1 Enacted as part of the Prison Litigation Reform Act (“PLRA”). Plaintiff is currently incarcerated in the Arkansas Division of Correction (“ADC”) Barbara Ester Unit, but his Amended Complaint centers on the events in Sebastian County leading up to his incarceration. (ECF No. 9). Plaintiff alleges that on June 21, 2022, Defendants violated his Fourteenth Amendment rights against double jeopardy and his Fifth Amendment rights. (Id. at 4).
Specifically, Plaintiff alleges that on October 27, 2017, he was charged with second degree battery and fleeing on foot. (Id.). On May 2, 2018, he entered a plea deal for two years in the ADC and four years suspended sentence. (Id.). Plaintiff alleges he discharged his entire sentence in April of 2020, and has not been convicted of any new felony. (Id.). He also had 337 days jail credit and it was a class D felony. (Id. at 4-8).2 Plaintiff alleges that on June 21, 2023, Defendants resentenced him on the same charges and gave him eight years in the ADC. (Id.). Plaintiff alleges Defendant Shone3 told the judge to give him eight years in the ADC. (Id. at 6). Plaintiff alleges Judge Gunner4 signed the new Sentencing Order. (Id. at 5). Plaintiff states Defendant Gilmer “was the one who processed his paperwork” for the violation of his rights. (Id. at 8). Plaintiff alleges he has filed grievances and tried to write to all Defendants to no avail. (Id.).
Plaintiff proceeds against all Defendants in their individual capacity. (ECF No. 9, p. 8). Plaintiff seeks his immediate release from the ADC, and to be compensated in the amount of $3,000 per day from each Defendant for the time he has served. (Id. at 9). A review of Plaintiff’s ADC record indicates that on June 9, 2022, he was sentenced for probation revocations related to his 2017 convictions for battery in the second degree and fleeing. He received 48 months for each revocation. He was received into the ADC on June 27, 2022. A
2 Plaintiff repeats the same claim three times on the form, providing additional details as to each Defendant in each one. 3 This Defendant’s correct name is Daniel Shue. 4 This Defendant’s correct name is R. Gunner DeLay. review of Plaintiff’s state court records indicates he appealed the revocations of the suspended sentences, and the revocations were affirmed in Houston v.

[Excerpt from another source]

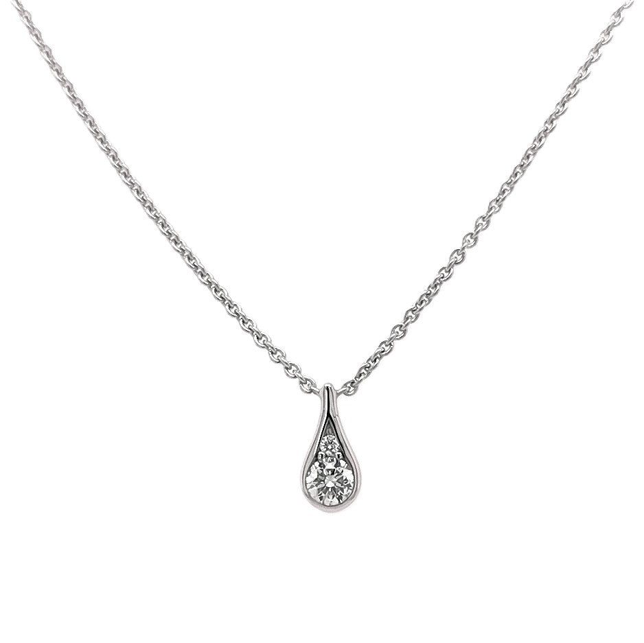 9WG TEARDROP NECKLACE SET WITH RBC 2=0.12CT WH PQ **9WG ITALIAN CHAIN ADJUSTABLE 42-45cm**

State of Arkansas, Case No. CR-22- 493.5 II. LEGAL STANDARD
Under § 1915A, the Court is obliged to screen the case prior to service of process being issued. The Court must dismiss a complaint, or any portion of it, if it contains claims that: (1) are frivolous, malicious, or fail to state a claim upon which relief may be granted, or (2) seeks monetary relief from a defendant who is immune from such relief. 28 U.S.C. § 1915A(b). A claim is frivolous if “it lacks an arguable basis either in law or fact.” Neitzke v. Williams, 490 U.S. 319, 325 (1989). An action is malicious when the allegations are known to be false, or it is undertaken for the purpose of harassing or disparaging the named defendants rather than to vindicate a cognizable right. Spencer v. Rhodes, 656 F. Supp. 458, 464 (E.D.N.C. 1987); In re Tyler, 839 F.2d 1290, 1293-94 (8th Cir. 1988). A claim fails to state a claim upon which relief may be granted if it does not allege “enough facts to state a claim to relief that is plausible on its
face.” Bell Atl. Corp. v. Twombly, 550 U.S. 544, 570 (2007). “In evaluating whether a pro se plaintiff has asserted sufficient facts to state a claim, we hold ‘a pro se complaint, however inartfully pleaded . . . to less stringent standards than formal pleadings drafted by lawyers.’” Jackson v. Nixon, 747 F.3d 537, 541 (8th Cir. 2014) (quoting Erickson v. Pardus, 551 U.S. 89, 94 (2007)). This means “that if the essence of an allegation is discernable, even though it is not pleaded with legal nicety, then the district court should construe the complaint in a way that permits the layperson’s claim to be considered within the proper legal
5 Available at Arkansas Court Connect. (Last accessed Dec. 5, 2023.) framework.” Jackson, 747 F.3d at 544 (cleaned up). However, the complaint must still allege specific facts sufficient to support a claim. Martin v. Sargent, 780 F.2d 1334, 1337 (8th Cir. 1985). III. ANALYSIS Plaintiff’s claims against the Defendants are barred by immunity for judges, prosecutors,
and court clerks, respectively. His claims are also barred by the Heck doctrine. Judge Gunner DeLay, identified as a Sebastian County Circuit Court judge, is immune from suit. “Few doctrines were more solidly established at common law than the immunity of judges for liability for damages for acts committed within their judicial jurisdiction.” Pierson v. Ray, 386 U.S. 547, 553-54 (1967). The Supreme Court “has pronounced and followed this doctrine of the common law for more than a century.” Cleavinger v. Saxner, 474 U.S. 193, 199 (1985) (citation omitted). Judicial immunity is only overcome in two narrow situations: (1) if the challenged act is non-judicial, and (2) if the action, although judicial in nature, was taken in the complete absence of all jurisdiction. Mireles v. Waco, 502 U.S. 9, 11 (1991). Moreover, “[a] judge will not be deprived of immunity because the action he took was in error, was done
maliciously, or was in excess of his authority; rather, he will be subject to liability only when he has acted in the clear absence of all jurisdiction.” Stump v.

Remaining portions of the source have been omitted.